### Task statement:
Search the data for the word "located" and copy every line where it occurs.

[Stored items from a collection]
⟨
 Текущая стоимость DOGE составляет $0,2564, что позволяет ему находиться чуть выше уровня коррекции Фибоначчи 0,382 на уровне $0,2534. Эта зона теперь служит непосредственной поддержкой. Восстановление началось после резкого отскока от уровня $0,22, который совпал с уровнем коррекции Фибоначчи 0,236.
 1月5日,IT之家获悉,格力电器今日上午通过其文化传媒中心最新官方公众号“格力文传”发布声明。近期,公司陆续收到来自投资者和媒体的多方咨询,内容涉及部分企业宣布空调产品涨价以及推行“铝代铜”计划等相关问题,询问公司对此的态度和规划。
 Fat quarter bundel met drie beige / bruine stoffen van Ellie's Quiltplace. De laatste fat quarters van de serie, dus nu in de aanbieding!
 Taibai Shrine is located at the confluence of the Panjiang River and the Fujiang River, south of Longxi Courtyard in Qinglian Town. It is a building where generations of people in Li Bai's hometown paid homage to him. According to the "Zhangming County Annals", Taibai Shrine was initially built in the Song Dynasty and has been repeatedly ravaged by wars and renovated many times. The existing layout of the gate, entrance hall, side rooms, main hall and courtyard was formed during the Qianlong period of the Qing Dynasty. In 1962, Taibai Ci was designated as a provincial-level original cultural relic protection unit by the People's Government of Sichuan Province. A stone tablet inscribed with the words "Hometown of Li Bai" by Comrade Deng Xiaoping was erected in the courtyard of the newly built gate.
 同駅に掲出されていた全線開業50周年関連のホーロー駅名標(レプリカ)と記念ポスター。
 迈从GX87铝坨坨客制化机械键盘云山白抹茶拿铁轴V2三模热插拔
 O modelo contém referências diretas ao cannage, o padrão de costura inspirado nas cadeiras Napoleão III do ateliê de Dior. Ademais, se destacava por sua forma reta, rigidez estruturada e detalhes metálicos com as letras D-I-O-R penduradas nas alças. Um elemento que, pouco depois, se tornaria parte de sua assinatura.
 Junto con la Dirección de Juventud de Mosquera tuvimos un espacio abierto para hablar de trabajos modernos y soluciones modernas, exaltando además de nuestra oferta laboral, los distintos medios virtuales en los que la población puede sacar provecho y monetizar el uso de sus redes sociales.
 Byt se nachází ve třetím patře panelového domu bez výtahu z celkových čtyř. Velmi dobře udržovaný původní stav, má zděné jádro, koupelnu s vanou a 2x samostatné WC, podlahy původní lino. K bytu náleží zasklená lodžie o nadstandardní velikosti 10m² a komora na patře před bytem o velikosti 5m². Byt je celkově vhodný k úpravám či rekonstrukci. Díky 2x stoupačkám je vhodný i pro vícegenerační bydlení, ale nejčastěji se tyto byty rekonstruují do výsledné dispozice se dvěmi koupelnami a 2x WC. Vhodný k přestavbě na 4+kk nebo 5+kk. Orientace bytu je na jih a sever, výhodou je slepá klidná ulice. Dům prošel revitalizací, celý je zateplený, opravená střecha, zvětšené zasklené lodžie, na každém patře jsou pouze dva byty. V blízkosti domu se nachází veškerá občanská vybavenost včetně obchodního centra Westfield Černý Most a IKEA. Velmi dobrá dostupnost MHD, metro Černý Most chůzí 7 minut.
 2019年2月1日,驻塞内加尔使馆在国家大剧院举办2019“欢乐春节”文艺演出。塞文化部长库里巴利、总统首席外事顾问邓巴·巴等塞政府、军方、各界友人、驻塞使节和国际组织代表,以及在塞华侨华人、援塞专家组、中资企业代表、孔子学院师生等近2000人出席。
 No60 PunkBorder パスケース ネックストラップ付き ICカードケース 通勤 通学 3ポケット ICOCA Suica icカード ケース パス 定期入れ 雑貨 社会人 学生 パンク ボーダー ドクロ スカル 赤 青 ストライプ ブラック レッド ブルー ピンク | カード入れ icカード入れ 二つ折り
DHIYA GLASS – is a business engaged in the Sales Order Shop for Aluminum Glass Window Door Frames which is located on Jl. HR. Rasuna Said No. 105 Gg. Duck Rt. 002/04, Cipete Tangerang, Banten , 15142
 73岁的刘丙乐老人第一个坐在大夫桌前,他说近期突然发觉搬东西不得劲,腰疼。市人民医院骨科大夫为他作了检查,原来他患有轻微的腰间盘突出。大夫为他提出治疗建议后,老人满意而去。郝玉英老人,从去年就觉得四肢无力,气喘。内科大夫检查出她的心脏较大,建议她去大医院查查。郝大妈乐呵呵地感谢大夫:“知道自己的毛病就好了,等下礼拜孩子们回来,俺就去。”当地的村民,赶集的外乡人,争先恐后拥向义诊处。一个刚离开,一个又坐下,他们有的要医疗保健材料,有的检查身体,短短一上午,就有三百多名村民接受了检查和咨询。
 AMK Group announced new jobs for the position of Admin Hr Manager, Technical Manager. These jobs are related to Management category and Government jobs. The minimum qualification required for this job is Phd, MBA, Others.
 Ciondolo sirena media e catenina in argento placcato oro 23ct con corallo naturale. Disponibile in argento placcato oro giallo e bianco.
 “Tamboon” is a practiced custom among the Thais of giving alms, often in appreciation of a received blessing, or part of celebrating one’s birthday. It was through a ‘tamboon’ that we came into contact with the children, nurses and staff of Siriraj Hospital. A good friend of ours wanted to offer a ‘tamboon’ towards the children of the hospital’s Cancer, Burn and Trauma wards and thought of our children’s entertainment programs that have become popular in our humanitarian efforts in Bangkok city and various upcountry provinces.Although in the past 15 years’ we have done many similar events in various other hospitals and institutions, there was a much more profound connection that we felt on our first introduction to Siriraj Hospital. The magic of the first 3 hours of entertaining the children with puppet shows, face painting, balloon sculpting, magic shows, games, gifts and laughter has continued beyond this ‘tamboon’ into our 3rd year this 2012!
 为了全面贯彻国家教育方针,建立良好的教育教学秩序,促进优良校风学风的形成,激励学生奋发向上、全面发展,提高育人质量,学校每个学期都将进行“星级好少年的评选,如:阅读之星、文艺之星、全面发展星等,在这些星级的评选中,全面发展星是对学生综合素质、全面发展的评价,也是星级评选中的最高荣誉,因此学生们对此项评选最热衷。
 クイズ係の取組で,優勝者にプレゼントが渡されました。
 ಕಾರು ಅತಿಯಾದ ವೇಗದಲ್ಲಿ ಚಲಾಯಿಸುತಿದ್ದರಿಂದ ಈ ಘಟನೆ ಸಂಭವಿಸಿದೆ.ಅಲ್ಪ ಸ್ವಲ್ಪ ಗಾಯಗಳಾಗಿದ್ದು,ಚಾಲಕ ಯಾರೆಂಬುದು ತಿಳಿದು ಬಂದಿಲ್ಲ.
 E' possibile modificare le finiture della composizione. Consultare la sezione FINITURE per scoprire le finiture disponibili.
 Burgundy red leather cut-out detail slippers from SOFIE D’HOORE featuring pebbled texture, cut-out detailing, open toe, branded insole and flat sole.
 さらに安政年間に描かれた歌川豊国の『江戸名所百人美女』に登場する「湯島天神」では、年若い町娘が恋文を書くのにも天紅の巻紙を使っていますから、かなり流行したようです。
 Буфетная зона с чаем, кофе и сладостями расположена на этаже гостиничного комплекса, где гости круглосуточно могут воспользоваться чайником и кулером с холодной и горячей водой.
⟩
### Problem solution:
 Taibai Shrine is located at the confluence of the Panjiang River and the Fujiang River, south of Longxi Courtyard in Qinglian Town. It is a building where generations of people in Li Bai's hometown paid homage to him. According to the "Zhangming County Annals", Taibai Shrine was initially built in the Song Dynasty and has been repeatedly ravaged by wars and renovated many times. The existing layout of the gate, entrance hall, side rooms, main hall and courtyard was formed during the Qianlong period of the Qing Dynasty. In 1962, Taibai Ci was designated as a provincial-level original cultural relic protection unit by the People's Government of Sichuan Province. A stone tablet inscribed with the words "Hometown of Li Bai" by Comrade Deng Xiaoping was erected in the courtyard of the newly built gate.
DHIYA GLASS – is a business engaged in the Sales Order Shop for Aluminum Glass Window Door Frames which is located on Jl. HR. Rasuna Said No. 105 Gg. Duck Rt. 002/04, Cipete Tangerang, Banten , 15142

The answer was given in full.